(About this task) Produce an exact copy of all the data below, dropping every image.

(Recorded data)
=== Section Start ===

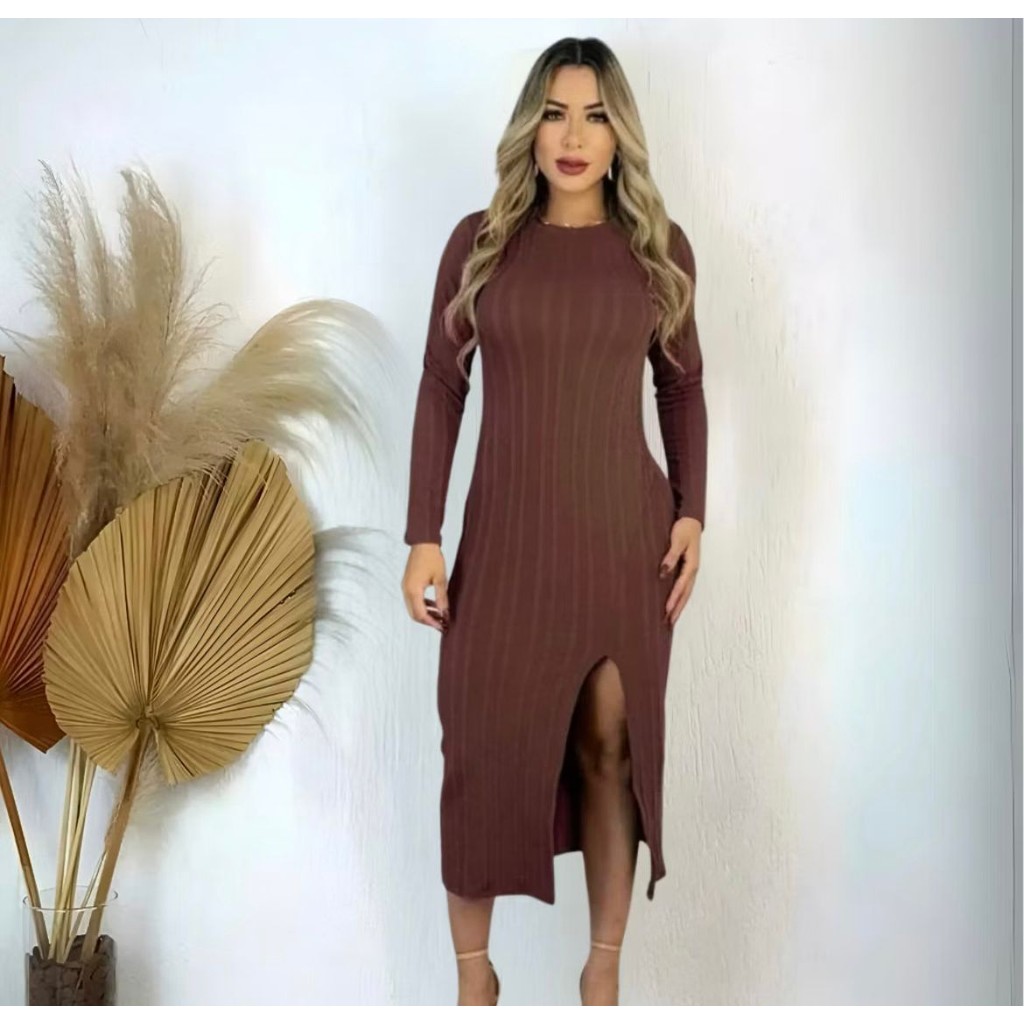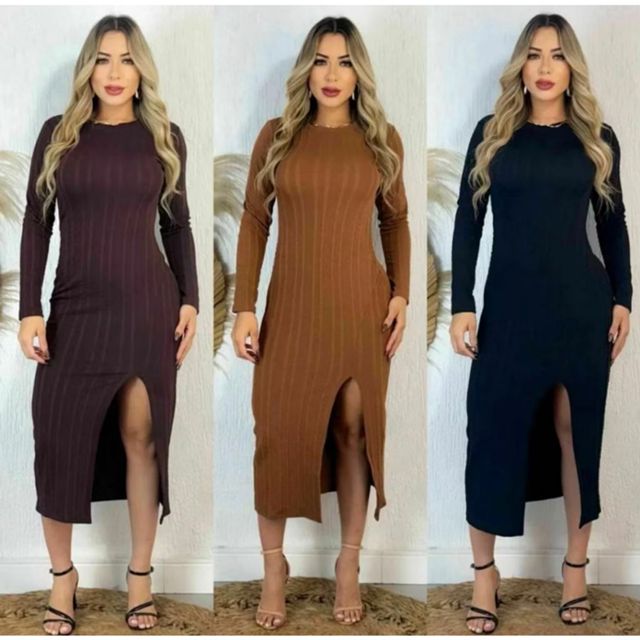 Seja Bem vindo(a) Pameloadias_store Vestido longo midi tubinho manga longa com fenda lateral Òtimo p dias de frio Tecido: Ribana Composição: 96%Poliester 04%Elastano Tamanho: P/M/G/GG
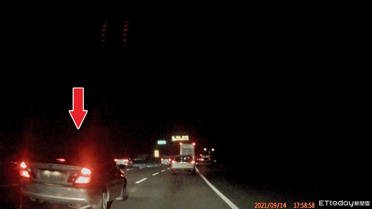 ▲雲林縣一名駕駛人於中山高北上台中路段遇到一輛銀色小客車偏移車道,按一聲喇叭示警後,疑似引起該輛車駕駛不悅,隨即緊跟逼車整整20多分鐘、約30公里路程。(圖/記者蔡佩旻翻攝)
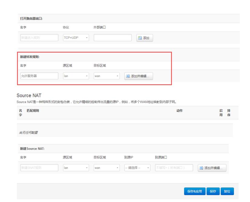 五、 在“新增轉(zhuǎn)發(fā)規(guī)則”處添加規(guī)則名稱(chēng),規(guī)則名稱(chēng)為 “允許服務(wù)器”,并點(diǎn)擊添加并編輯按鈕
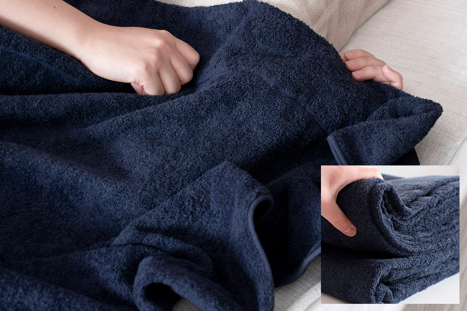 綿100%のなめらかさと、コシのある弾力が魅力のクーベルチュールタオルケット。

=== Section End ===

(Output)
 Seja Bem vindo(a) Pameloadias_store Vestido longo midi tubinho manga longa com fenda lateral Òtimo p dias de frio Tecido: Ribana Composição: 96%Poliester 04%Elastano Tamanho: P/M/G/GG
 ▲雲林縣一名駕駛人於中山高北上台中路段遇到一輛銀色小客車偏移車道,按一聲喇叭示警後,疑似引起該輛車駕駛不悅,隨即緊跟逼車整整20多分鐘、約30公里路程。(圖/記者蔡佩旻翻攝)
 五、 在“新增轉(zhuǎn)發(fā)規(guī)則”處添加規(guī)則名稱(chēng),規(guī)則名稱(chēng)為 “允許服務(wù)器”,并點(diǎn)擊添加并編輯按鈕
 綿100%のなめらかさと、コシのある弾力が魅力のクーベルチュールタオルケット。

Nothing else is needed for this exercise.